Speaker earthquake protection and isolation


August 24, 2014 we had a 6.0 earthquake in Napa, CA, which knocked over about 3/4 of the cabinets in my home, along with my Silverline Grandeur II speakers, which ended up getting pretty dented in the process. Luckily our home stayed on it's foundation, while four homes in our neighborhood were knocked off of theirs. Needless to say it shook quite a bit. Alan Yun, the owner of Silverline, who lives within 40 miles, gave me a good deal on new speakers. I asked him if he knew a way to mount the speakers to a larger platform so that another earthquake wouldn't knock them over, and at the same time they wouldn't lose their sound quality. He couldn't offer any advice. To satisfy my wife, I used the spike threads at the bottom of each speaker to mount them to 1" thick Corian, which is 4" larger around than our speakers. I put rubber grommets between the speaker and Corian. They sit on carpet. I know that I lost some focus and bass control that I previously had when using the Silverline provided spikes. I want to protect my speakers, but I hate giving up sound quality. I was wondering if anyone on Audiogon can offer advice.

kevine
It all depends on where the epicenter is and where you are. My high school friend's father was an architectural stress engineer and he told me that if an 8.0 quake, centered under Los Angeles were to occur, nothing would be higher than about 2 feet. He designed structures to stay up as long as possible to get as many people out before total collapse. If the epicenter is many miles away, you're in a for a bit of luck. 
At that time, only the Morman Temple in Utah was built to withstand a direct 8.0 hit.

Also there's ground soil composition, terrain, and a host of other factors to consider. Where you live in Napa is a 35 mile fault that was discovered just after your encounter. There's not much one can do unless you're willing to quake proof your speakers but it won't look good. Tethers, wires mounted to walls or ceilings, and just how to mount them to the speakers, etc.

When the '71 Sylmar earthquake hit, my mom woke up my dad and said, "Tom, there's an earthquake!" to which my dad replied, "Back on Iwo Jima the sky was falling! Go back to sleep!", which he did. He was pragmatic when it came to the big stuff.

All the best,
Nonoise

You could try adding spikes to the bottom of the Corian.  If you place the spikes as close to the corners as possible, you've still got the larger footprint you were after.  I don't think the change in the height of the center of gravity will matter much as long as your don't use crazy long spikes. Dick
Hey kevine, I have a thought that may be helpful...

When we fostered a new kitten last year, I was concerned about both potty accidents affecting my speakers, and the possibility of the cat doing scratching and clawing at the base of the speakers.  So we placed decorative pillows around the bases of the speakers, the kind you buy at a Pier 1 or place like that.  Not pillows that look like they belong on a bed.   Sure enough, during play time one of our older cats got spooked and hit the base hard enough to knock it over, but the pillows were there and they cushioned the fall.   It wasn't even what I intended them to do, just an unexpected benefit.  Now, your Silverlines are larger than mine, but the same principle applies - if you can't keep them from toppling, make sure they topple onto something soft and forgiving.  It may seem odd - and I guess it is - but if you find decorative pillows that match or enhancer your listening room's decor, and you just sort of spread them around the speakers, next time they come down they may just land on pillows.  Best part is the pillows are temporary, they don't affect the integrity of the speaker cabinets, and they're at ground level so shouldn't change what you're hearing either.   My ex-wife's sister used to decorate with pillows all over her rooms, and it always made her place seem warm and homey, so I was just copying her!
i guess insurance is the best earthquake protection and isolation.
I can't believe I'm posting this again but this is your solution -

http://www.townshendaudio.com/hi-fi-home-cinema-equipment-vibration-isolation/seismic-isolation-bars...

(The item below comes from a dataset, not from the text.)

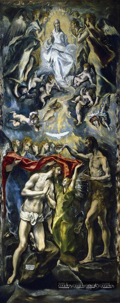 Es zeigt die biblische Szene, in der Johannes der Täufer Jesus im Jordan tauft. Jesus ist mit den für El Greco typischen Merkmalen dargestellt: langgestreckte Körper und etwas kleine Köpfe. Im oberen Teil erscheint der offene Himmel und die weiße Taube, die auf den Messias herabsteigt.

I use them & they are a BIG improvement over spikes.
Thank you for your responses. Alan Yun said he did have one person connect a wire to his ceiling that ran down to the back of his speakers, where they were connected with a screw--this would not work with my wife. I might try the spikes at the bottom of the Corian, but I'm not sure how the Corian and Speaker should be connected as far as isolation goes. Pillows are an idea, but my wife has her own personal tastes of what she wants in the room. I looked at the seismic isolation bars, which look like they do a wonderful job for sound quality, but I don't see how they actually fasten to the speaker to prevent falling over--I emailed them to find out more details.